_ABOUT THIS TASK_: Copy exactly every line below, from the first through the one that contains "Mesas Periqueras en", and skip all pictures.

[Excerpts from a dataset]
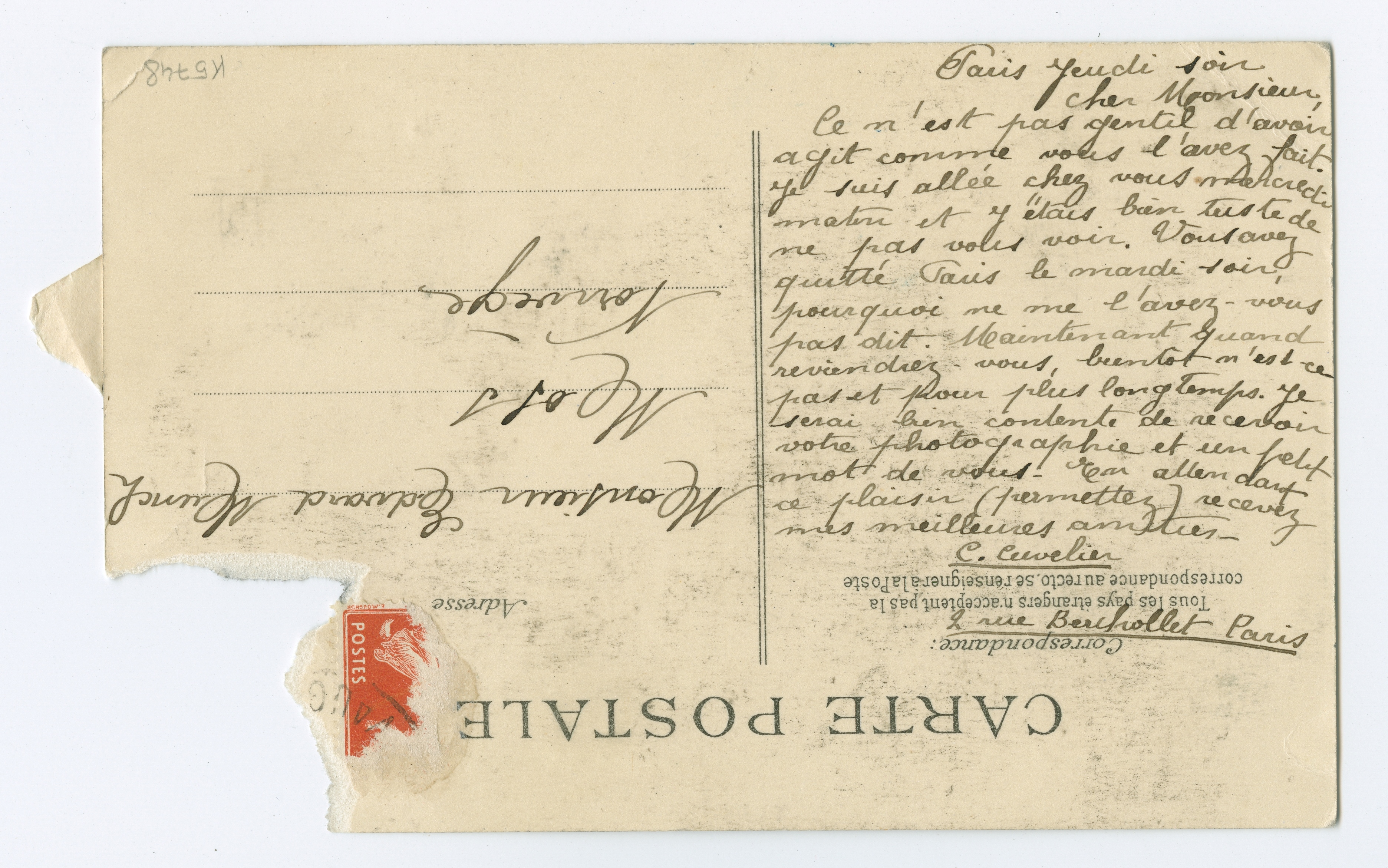 MM K 5748, Munchmuseet. Ikke datert. Brev fra Céline Cuvelier.
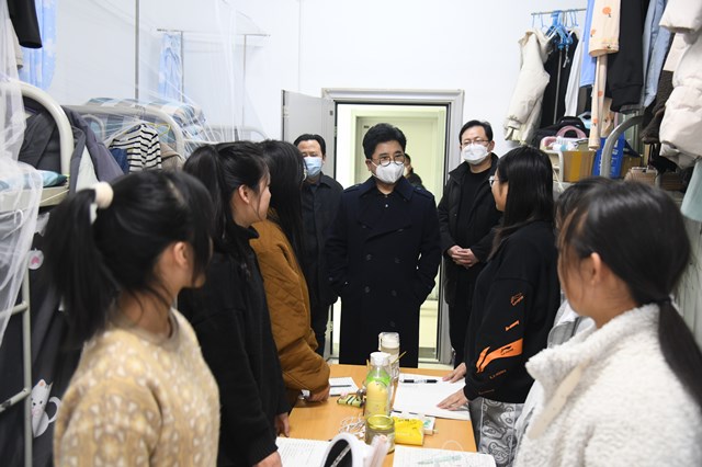 在学生公寓楼,董事长慰问了辅导员和学生,关心学生的学习生活情况,要求有关部门进一步做好关爱学生工作,鼓励学生战胜疫情,实现人生理想。
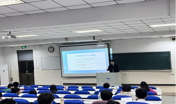 赵老师主要从“新中国经济社会发展的国内条件和国际环境”“过渡时期总路线的提出及其必然性”“社会主义工业化的起步和对农业、手工业、资本主义工商业的社会主义改造”以及“社会主义基本制度的确立及其伟大意义”等四个方面展开,借助丰富、充实的教学案例与视频资源,引导同学们思考“新中国是怎样走上社会主义道路的”这一重要问题。并向同学们集中展示了中国共产党人带领全国各族人民发挥伟大的奋斗精神取得了“三大改造”和“一五计划”的历史成就。引导同学们在今后的学习与工作中,要用行动传承与弘扬伟大的奋斗精神,不断坚定历史主动精神。课后,观摩教师与赵太平进行了交流探讨,肯定课程特色,同时也对教学质量的提高、教学案例的选用、课堂管理的加强等方面提出了建议。
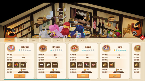 研究提升各式佳餚美食,獲得每日來店客人的優良評價,提高客棧名聲等級。
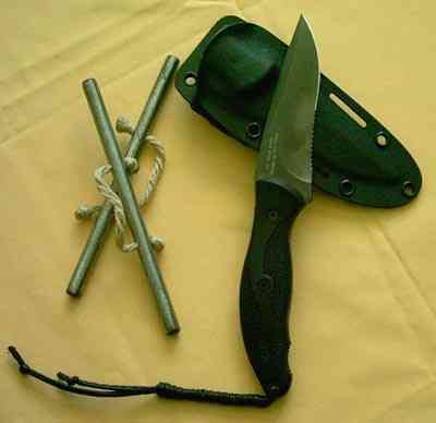 Рукоять ножа: рукоять ножа (textured polyamide handles with lanyard hole) очень надежна и удобна. Полиамидные пластины закреплены на пластине клинка при помощи пластинчатого монтажа 3 винтами Torx. Возможно, полиамид по сравнению с микартой, несколько скользковат, поэтому, чтобы предотвратить скольжение, на полиамидных пластинах в местах наибольшего соприкосновения с поверхностью ладони при сжатии сделана насечка.
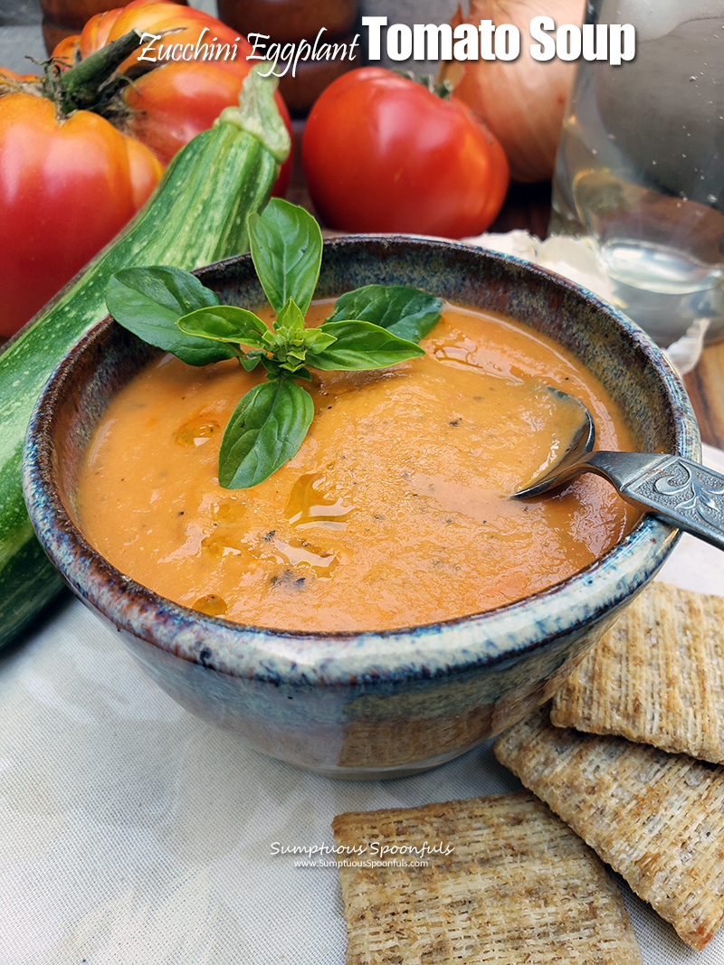This marvelous creamy Zucchini Eggplant Tomato Soup is a breeze to whip up and a pleasure to eat! It feels like eating a bowl of gourmet tomato soup, but there are extra veggies hiding inside. When I say “gourmet” tomato soup, I mean the kind you might order at a fancy restaurant. Where they use the really good tomatoes with fancy cheeses and fresh herbs. If you’ve never had THAT kind of made-from-scratch tomato soup, you’re about to up your game. You may never want canned tomato soup again.
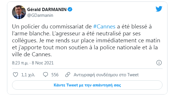 Μέσω Twitter, ο υπουργός Εσωτερικών Νταρμανέν ανέφερε πως μεταβαίνει στον τόπο της επίθεσης «αμέσως», εκφράζοντας «όλη του την υποστήριξή » στην αστυνομία και στην πόλη των Καννών, στη γαλλική Ριβιέρα.
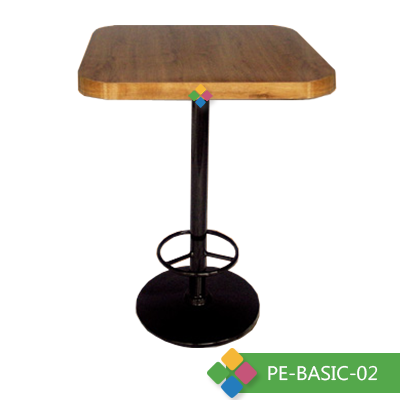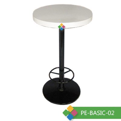 Mesas Periqueras en base de plato o pata de gallo pintada o cromada, cubierta cuadrada o redonda en aglomerado laminado en formaica lisa o texturizada.
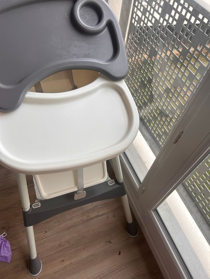 Chaise haute en très bonne état et évolutive Utilisable de 6mois à 3 ans jusqu’à 15kg
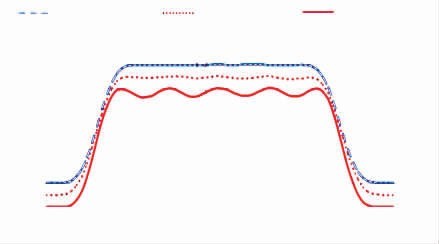 由於LED是端麵發光,圖4所示為LED端麵發光示意圖,整個LED Bar是不連續的光源,因此,當LED之間的距離過大時,亮度會下降,並且可能產生明暗相間的Hot Spot現象;當LED之間的距離過近時,雖然亮度得到較大的提高,但需要LED的數量也會增加,導致LED的低利用效率和背光的高功耗。圖5是試驗得到的LED亮度分布曲線,從圖中可以看到,隨著LED距離的增大,亮度下降;在LED之間的距離d>4.35 mm時,還會出現Hot Spot現象,曲線波動越大說明Hot Spot越明顯。同時LED Bar的總長度應該小於LGP(1067×604.),所以為了保證LED的亮度以及避免Hot Spot現象,取LED之間的距離d=3.35mm。
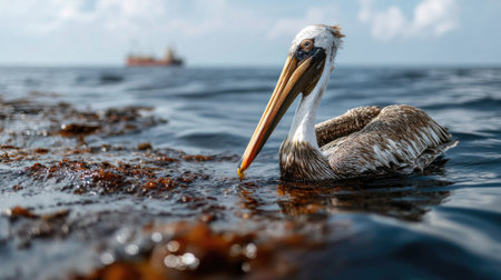 A lone pelican floats on the surface of a polluted ocean, highlighting the impact of oil spills on marine wildlife, with a ship in the distance under dramatic skies.
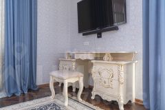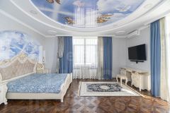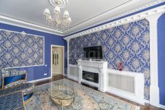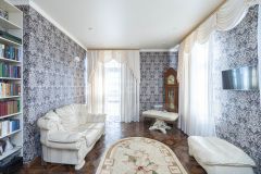 На втором этаже 4 комнаты: гостевая (рядом расположен санузел), гостиная с электрическим камином, библиотека и основная спальная комната со своим отдельным санузлом, площадью 14 кв.м. и встроенным помещением для хранения вещей.
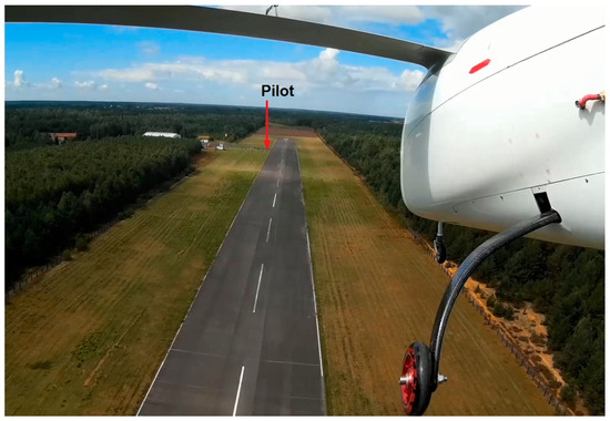 Application of an autopilot allowed for autonomous flights, but this was used only as an emergency option in the case of loss of radio contact. If radio contact was lost, the autopilot would guide the airplane around the airfield until radio contact was recovered. Direct radio control was applied as the main mode of control because the demonstrator was tested to evaluate its handling properties, so the “pilot’s impression” was an important source of information, together with data from various sensors installed onboard. Usually these data are used by the autopilot to calculate signals for servomotors and the propulsion speed controller. In this project, the autopilot only stored them for further analysis and sent some data to the ground control station (GCS) to be displayed for those supervising each test. A CCD camera was also installed onboard since the view from the airplane is quite helpful in flight data analysis. However, it was not transmitted to GCS in real time since the airplane was flying close to the pilot, so control according to the visual line of sight (VLOS) rules was applied (Figure 6).
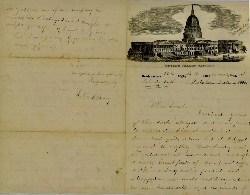 This letter was written by Charles E. Hovey (1843-1863) who enlisted on 21 June 1861 to serve three years in Co. I, 10th Massachusetts Infantry. He was with his regiment until the Battle of Chancellorsville where he was mortally wounded and died on 3 May 1863. Before his enlistment, Charles was employed making envelopes in a factory at Holyoke, Massachusetts.
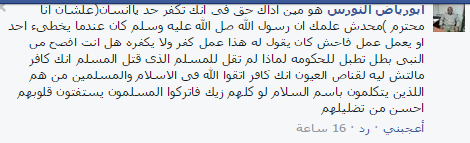 – أبو رياض: “هو مين اداك حق في انك تكفر حد يا انسان (علشان انا محترم) محدش علمك ان الرسول صلى الله عليه وسلم، كان عندما يخطئ أحد، أو يعمل عمل فاحش، كان يقول له: هذا عمل كفر ولا يكفره. هل أنت أفصح من النبي!…..”.
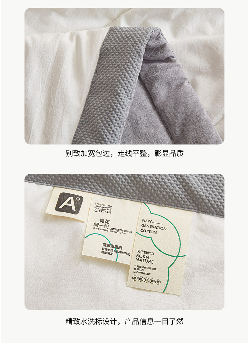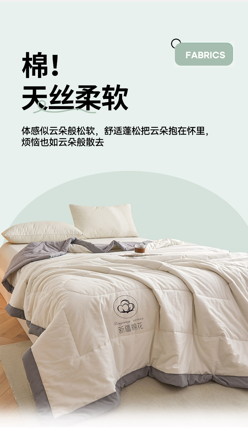 (总)熙宴家纺 2025新款水洗棉嵌绳款100%新疆棉花被,豆绿,粉玉,石灰,雾蓝
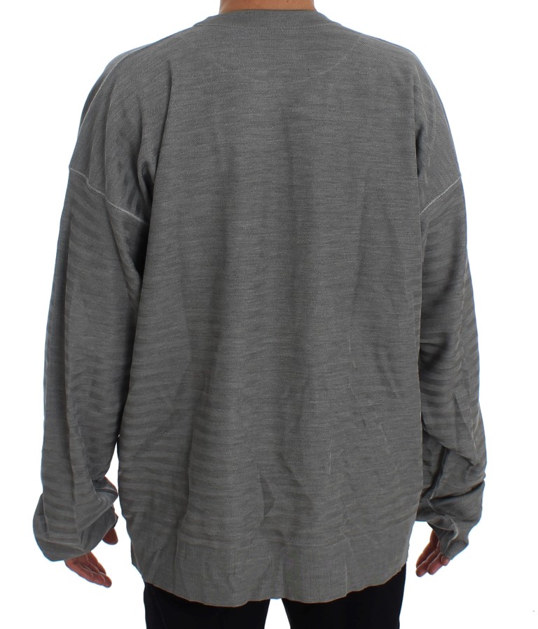 Gray Crewneck Pullover Silk Sweater
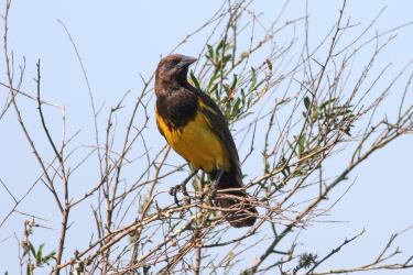 Assez commun et même abondant dans les limites de sa distribution, le Carouge dragon se retrouve dans le nord-est de l’Argentine, en Uruguay et dans l’extrême sud du Brésil.
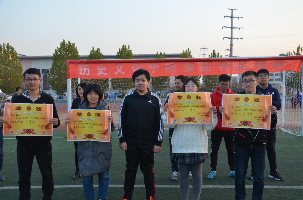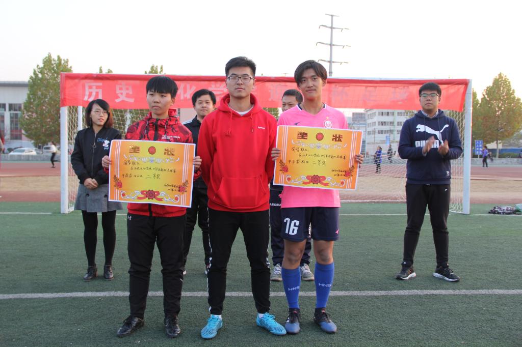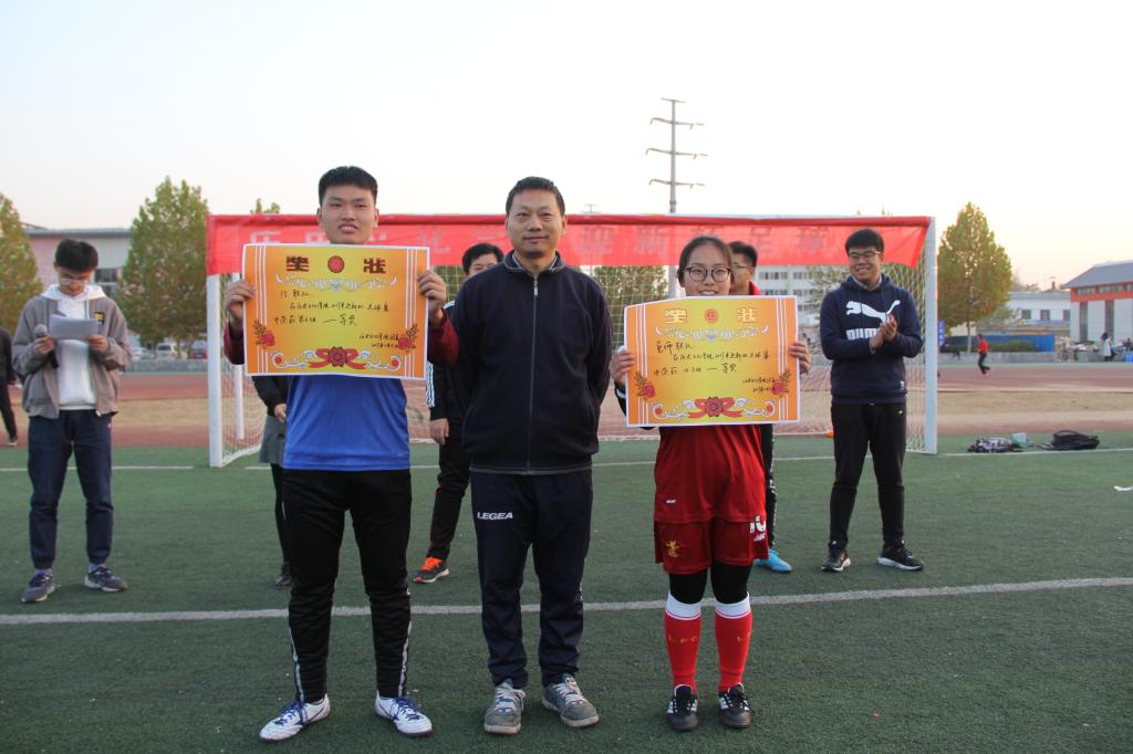 11月15日,经过两周多激烈的角逐,快猫视频 2017年“迎新杯”足球赛在西操场落下帷幕。快猫视频 刘伟老师,前足球队队长肖常志,前学生会副主席、前足球队副队长朱晓明,学生会副主席许鹏、郭伟伟出席闭幕式并为获奖队伍颁奖。
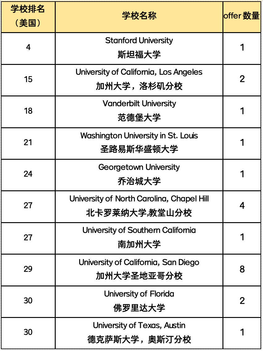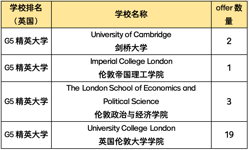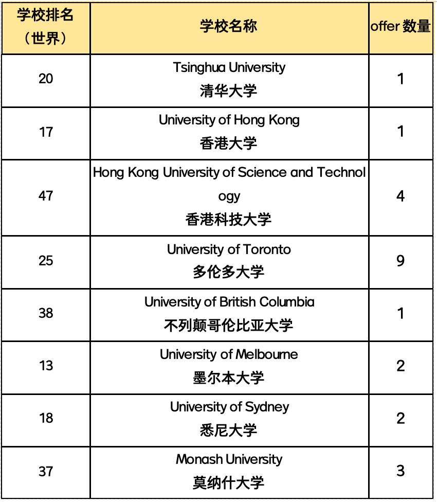 其中英国方向G5精英大学offer共 25封,美国方向TOP30综合性大学offer共22封,TOP40综合性大学offer共 55封,澳加港中国大陆等其他方向QS世界排名前50大学offer 共23封,录取专业涵盖数学、物理、化学、计算机科学、生命科学、神经科学、海洋科学、环境科学、城市研究、工程、建筑、文学、教育学、经济学、金融会计、心理学、传媒、艺术设计等众多学科领域与MORSE等诸多跨学科综合性专业。
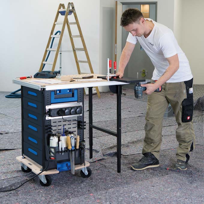The WorkMo is always ready as your adaptable work aid in all situations, as workshop trolleys, workshop shelves, work benches, transport equipment or as a work station. Holders for accessories, multiple sockets, a worktop and a clamping system make a functional workplace out of the transport and organisation system, which you can use to adapt your components on site in all kinds of ways.
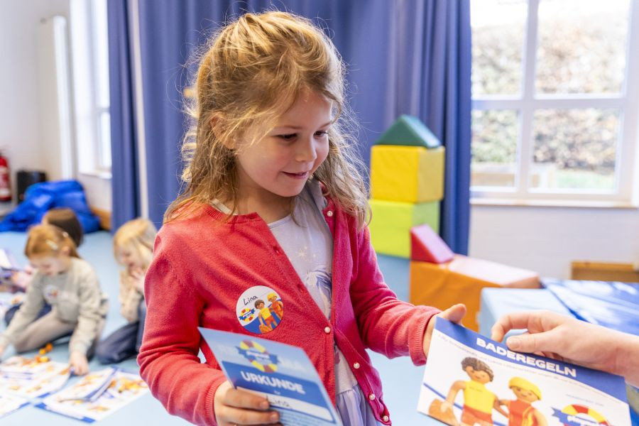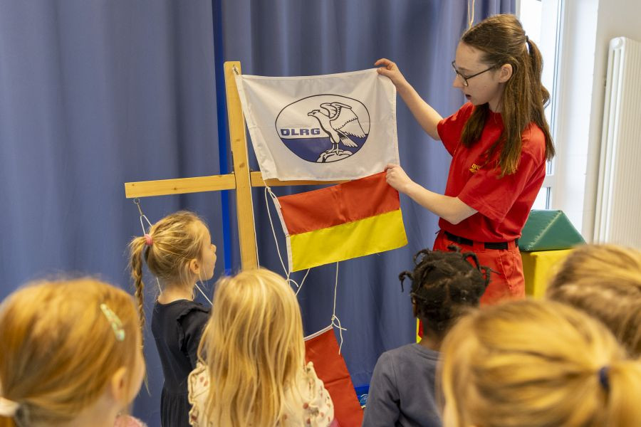 Wenn du dir für deine Vorschulgruppe oder deine Schulklasse auch einen Besuch der Rettungsschwimmer*innen zu den Baderegeln wünschst, frag einfach bei einer DLRG-Ortsgruppe in deiner Nähe nach.
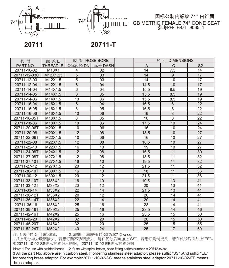 20711 國標公制內(nèi)螺紋74°內(nèi)錐面 扣壓式軟管接頭
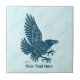 A simple, blue silhouette-like image of a lively raven (Corvus corax) done in Norse-Celtic style, superimposed on a snowy background image. Customise by adding your own text.

_EXPECTED ANSWER_:
 MM K 5748, Munchmuseet. Ikke datert. Brev fra Céline Cuvelier.
 在学生公寓楼,董事长慰问了辅导员和学生,关心学生的学习生活情况,要求有关部门进一步做好关爱学生工作,鼓励学生战胜疫情,实现人生理想。
 赵老师主要从“新中国经济社会发展的国内条件和国际环境”“过渡时期总路线的提出及其必然性”“社会主义工业化的起步和对农业、手工业、资本主义工商业的社会主义改造”以及“社会主义基本制度的确立及其伟大意义”等四个方面展开,借助丰富、充实的教学案例与视频资源,引导同学们思考“新中国是怎样走上社会主义道路的”这一重要问题。并向同学们集中展示了中国共产党人带领全国各族人民发挥伟大的奋斗精神取得了“三大改造”和“一五计划”的历史成就。引导同学们在今后的学习与工作中,要用行动传承与弘扬伟大的奋斗精神,不断坚定历史主动精神。课后,观摩教师与赵太平进行了交流探讨,肯定课程特色,同时也对教学质量的提高、教学案例的选用、课堂管理的加强等方面提出了建议。
 研究提升各式佳餚美食,獲得每日來店客人的優良評價,提高客棧名聲等級。
 Рукоять ножа: рукоять ножа (textured polyamide handles with lanyard hole) очень надежна и удобна. Полиамидные пластины закреплены на пластине клинка при помощи пластинчатого монтажа 3 винтами Torx. Возможно, полиамид по сравнению с микартой, несколько скользковат, поэтому, чтобы предотвратить скольжение, на полиамидных пластинах в местах наибольшего соприкосновения с поверхностью ладони при сжатии сделана насечка.
This marvelous creamy Zucchini Eggplant Tomato Soup is a breeze to whip up and a pleasure to eat! It feels like eating a bowl of gourmet tomato soup, but there are extra veggies hiding inside. When I say “gourmet” tomato soup, I mean the kind you might order at a fancy restaurant. Where they use the really good tomatoes with fancy cheeses and fresh herbs. If you’ve never had THAT kind of made-from-scratch tomato soup, you’re about to up your game. You may never want canned tomato soup again.
 Μέσω Twitter, ο υπουργός Εσωτερικών Νταρμανέν ανέφερε πως μεταβαίνει στον τόπο της επίθεσης «αμέσως», εκφράζοντας «όλη του την υποστήριξή » στην αστυνομία και στην πόλη των Καννών, στη γαλλική Ριβιέρα.
 Mesas Periqueras en base de plato o pata de gallo pintada o cromada, cubierta cuadrada o redonda en aglomerado laminado en formaica lisa o texturizada.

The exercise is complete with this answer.